La ministre a annoncé l’accélération de la procédure Parcoursup, afin de « diminuer le stress » des lycéens. Selon elle, la colère serait le fait d’une information tardive des lycéens quant à l’attribution ou le refus de leurs vœux d’études. Accompagnant ce dispositif, elle a réaffirmé la mise en place d’un « répondeur automatique », qui permettra de faciliter la procédure. Tout pour éviter d’évoquer la « sélection » du dispositif qui est, de toute part, dénoncée.

Depuis près de trois semaines, les lycéens se mobilisent massivement pour exiger le retrait pur et simple de Parcoursup. Ils font face à une violente répression. Dans ce contexte, ces déclarations ont tout l’air d’une provocation de plus de la part du gouvernement. Comment penser que ces jeunes qui refusent une loi qui a opéré un réel tri social à l’université à la rentrée 2018, en en fermant la porte à des dizaines de milliers de bacheliers venus de lycées populaires, pourraient être calmés par de telles annonces ? En réalité, derrière la démagogie de Vidal, qui dit vouloir « écouter le ressenti », le gouvernement ne recule pas d’un pouce sur la sélection à l’université, et la ministre semble compter sur les violences policières pour faire rentrer dans le rang les jeunes qui la refusent, à l’image de l’opération scandaleuse de Mantes-la-Jolie.

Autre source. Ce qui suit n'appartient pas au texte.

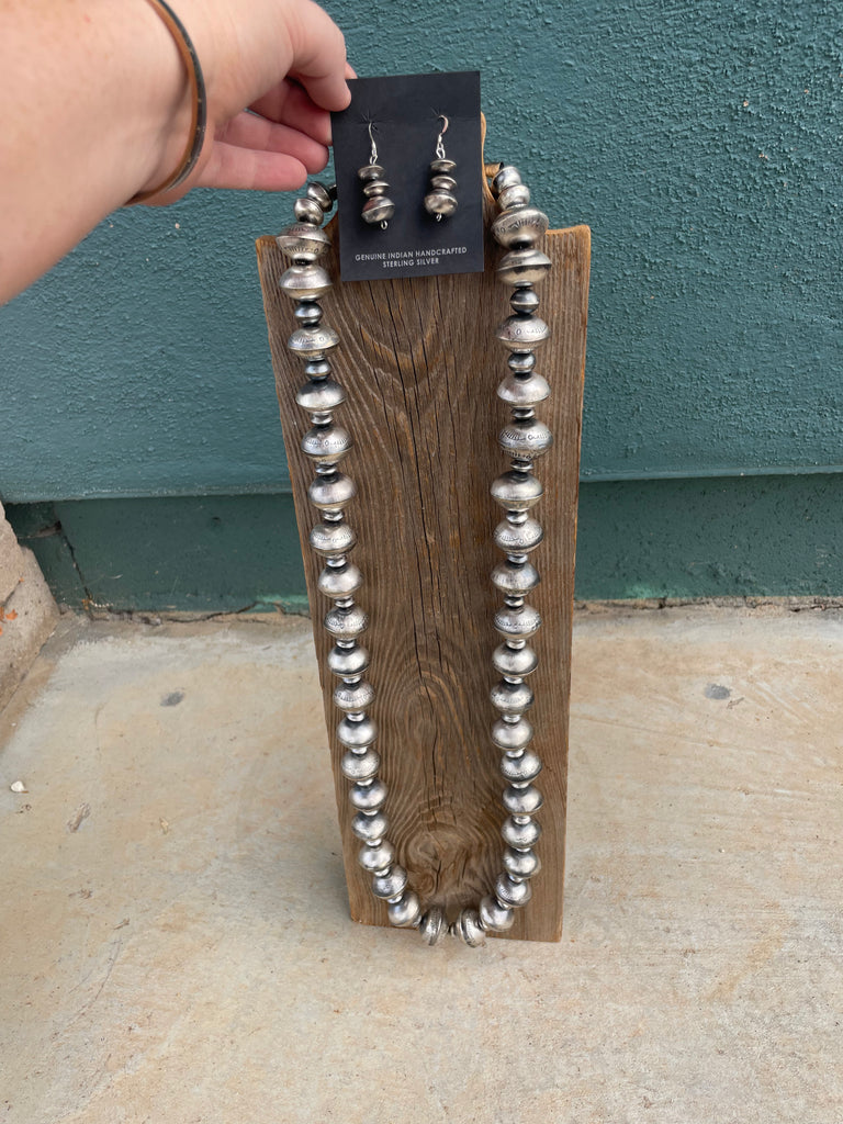 This is a pair of Navajo handmade Sterling Silver Pearl dangle earrings and necklace set. These earrings are 1 1/2 inches long. Necklace is 40 inches long. Very beautiful statement necklace. Beads are 5mm to 20mm. Signed by the artist and stamped sterling.
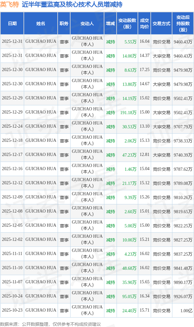 英飞特:12月31日高管GUICHAO HUA减持股份合计19.55万股
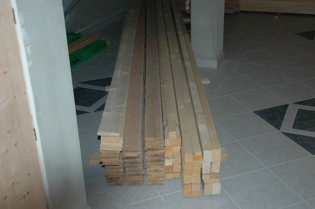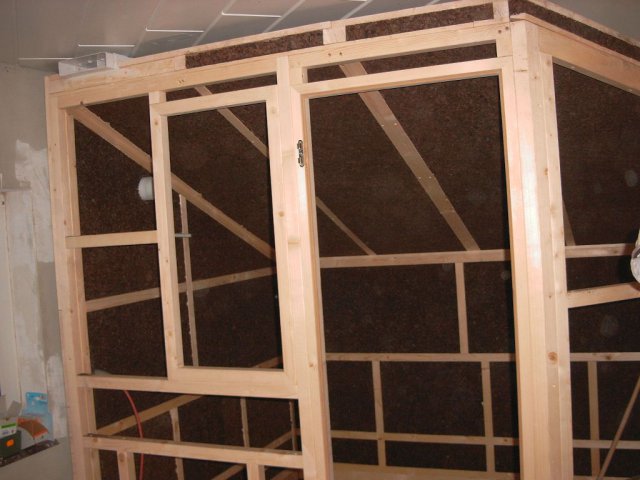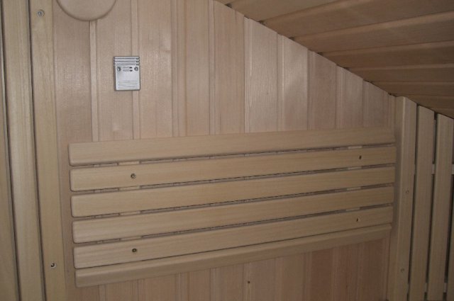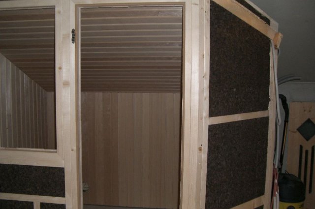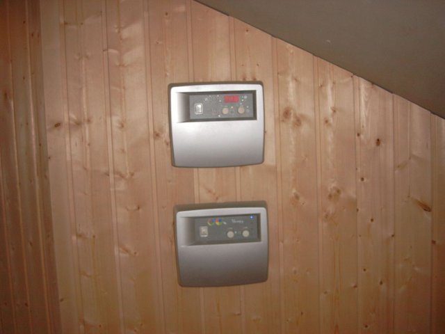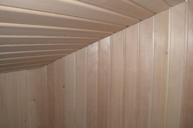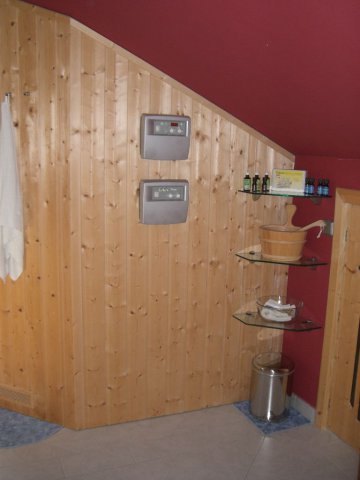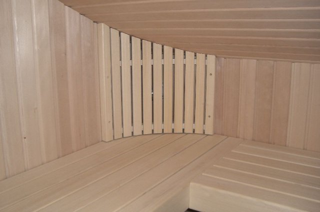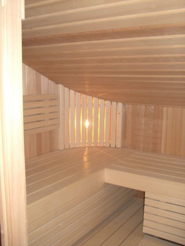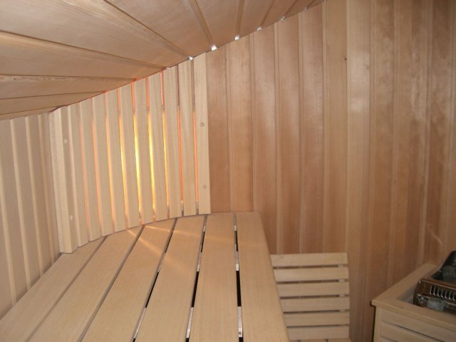 Aus Brettern aus kanadische Hemlock-Tanne und diversen Kanthölzern wurde eine Sauna in die Dachschräge gezimmert.
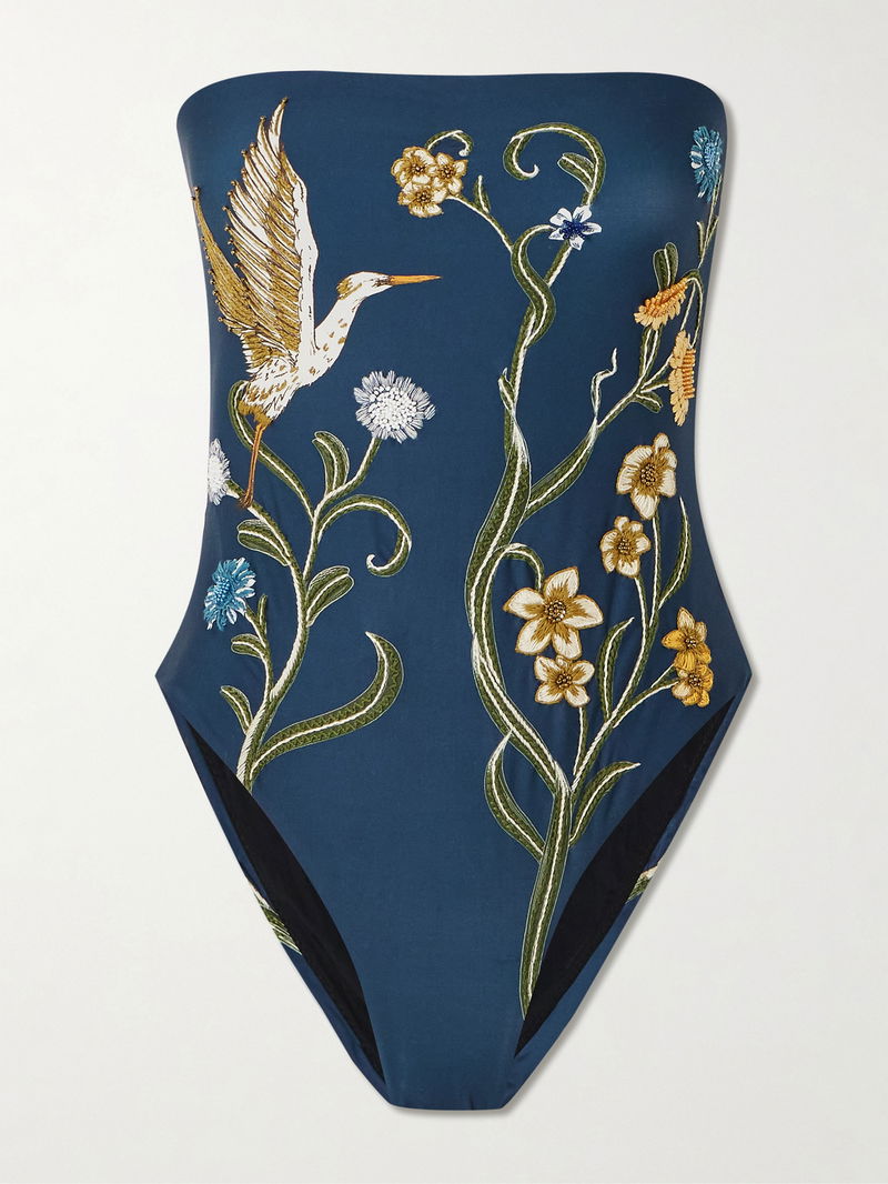 Agua by Agua Bendita's swimsuit is prettily embroidered across its surface – the brand is so often inspired by Colombian nature. It's made from stretchy recycled fabric in a clean strapless cut.
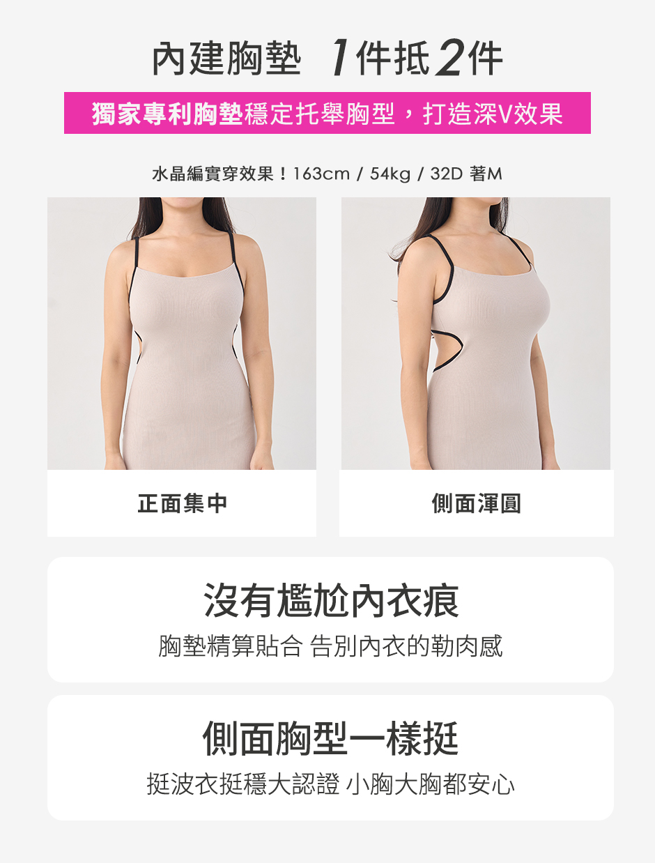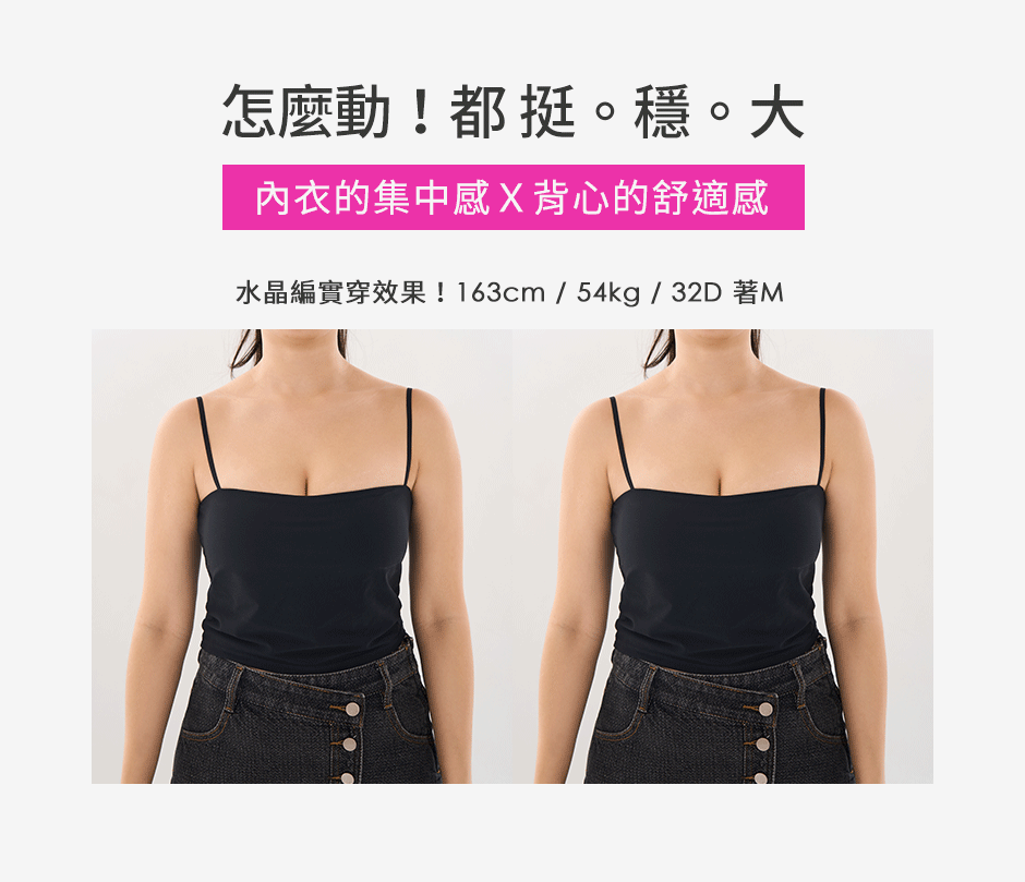 2.內附罩杯為獨家專利環保設計,一體成型雙心提波胸墊,更加提托集中。
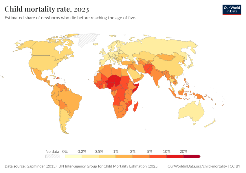 Child mortality measures the share of newborns who would not survive to their fifth birthday, given death rates at young ages in a population.
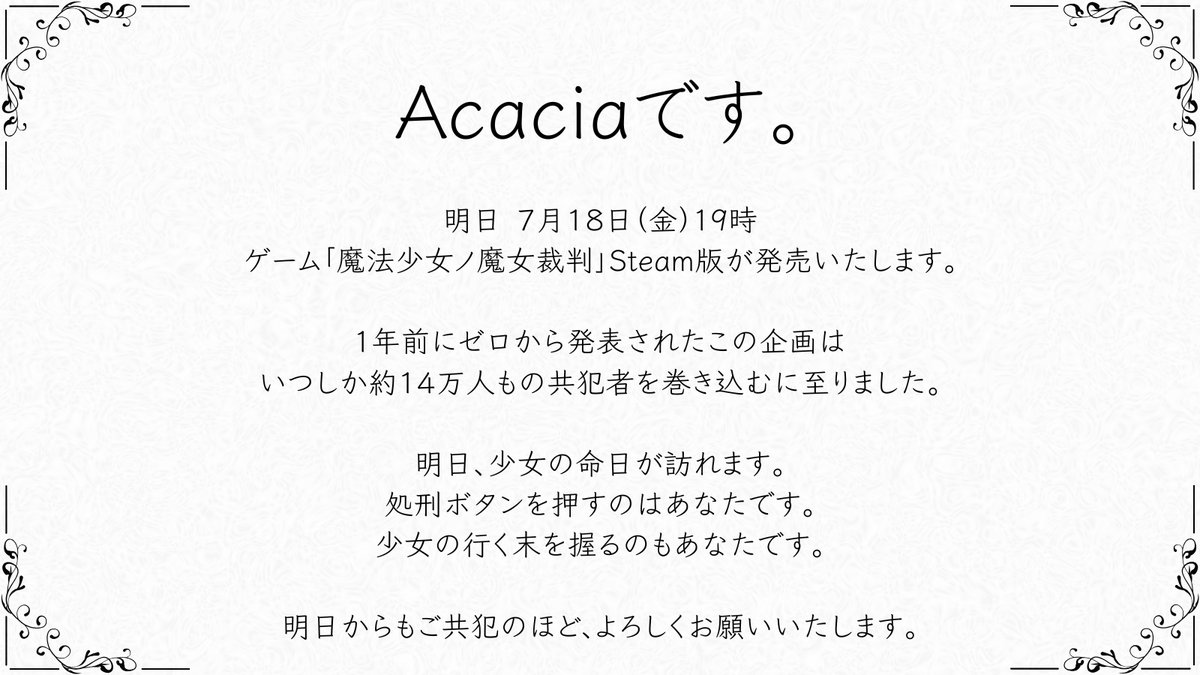| 黒幕の"魔女"は誰?発売前から異例の人気!新作ADV『魔法少女ノ魔女裁判』朗読劇の夜公演レポート …、Steam向け新作アドベンチャーゲーム『魔法少女ノ魔女裁判』初の朗読劇&トークイベント「魔法少女ノ魔女裁判~the first page~」が、5月… (出典:Game Spark) |
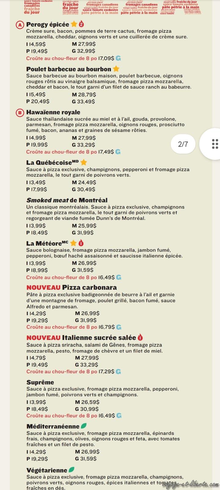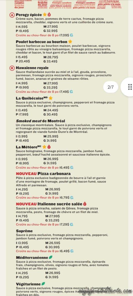 En ce samedi 17 juin, nous avons rendez-vous dans une pizzeria avec des amis de Jérôme, mais pour s’y rendre, encore faut-il comprendre les règles de circulation : il y a des « 4 stops à l’américaine » tous les 100 mètres (l’équivalent canadien du « tope » mexicain hihi) et des feux de circulation qui ont un « vert clignotant ». Dans nos esprits cela signifie « traversez en faisant attention à la priorité à droite », mais les klaxons des québécois nous laissent deviner que nous sommes à côté de la plaque. En effet, nous apprendrons plus tard que le feu vert clignotant veut au contraire dire que nous sommes « super prioritaires », bueno… Toujours est-il qu’à force de stopper à chaque instant, pour un oui ou pour un non, nous arrivons en retard ! Il nous reste à choisir une pizza mais, pour un français (et un italien aussi, je présume), le choix est rocambolesque hihi. Laquelle auriez-vous mangée ?!
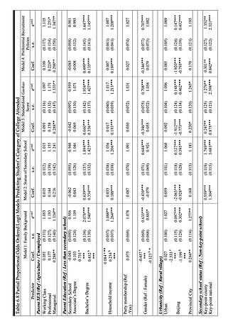 In addition, the results from the quantitative models indicated that coming from a college-educated family provides an advantage in obtaining special preferential recruitment placement; this finding is significant for both sexes.

Des déclarations contraires… à la directive ministérielle sur les droits d’inscription

Interpellée par la journaliste, elle a du se justifier de l’augmentation des frais d’inscriptions pour les étudiants étrangers. Ceux-ci doivent en effet être multipliés à la rentrée... par 16. Pour sa défense, la ministre a martelé que la mesure ne toucherait pas les étudiants étrangers déjà en France. Si cette rhétorique vise à désamorcer un potentiel mouvement étudiant qui pend au nez du gouvernement, il s’agit en réalité d’une affirmation contradictoire avec les circulaires ministérielles.

Une lettre signée par cette même ministre adressée aux présidents d’universités affirme en effet que les étudiants changeant de cycle devront payer (par exemple passant de la licence au Master), à moins que des exonérations de transitions ne soient mises en place par les différentes universités – avec l’accord de la Ministre. Celle-ci ment donc ouvertement, les étudiants étrangers déjà sur le sol Français devront donc payer jusqu’à 3800 euros, à moins que leurs universités respectives, qui manquent structurellement de moyens ne leur financent elles-mêmes des exonérations auprès de l’État.

En complément de cette intox, la ministre n’hésite pas à vanter son plan de bourses, lui aussi censé apaiser les esprits. Si elle n’a pas communiqué le montant prévu lors de son allocution sur France Inter, elle a insisté sur l’objectif d’en porter le nombre à 21 000 « à terme ». Un chiffre totalement dérisoire face aux centaines de milliers d’étudiants étrangers. Si ce dernier se porte à 500 000 comme l’affirme la ministre, les boursiers seraient à peine 4%.

Frisant le ridicule, Frédérique Vidal a également témoigné de son ignorance totale de la situation des étudiants étrangers. Elle a affirmé que ceux-ci n’avaient pas de compte en banque en France, alors qu’ils sont en réalité obligés d’en posséder un pour pouvoir venir en France.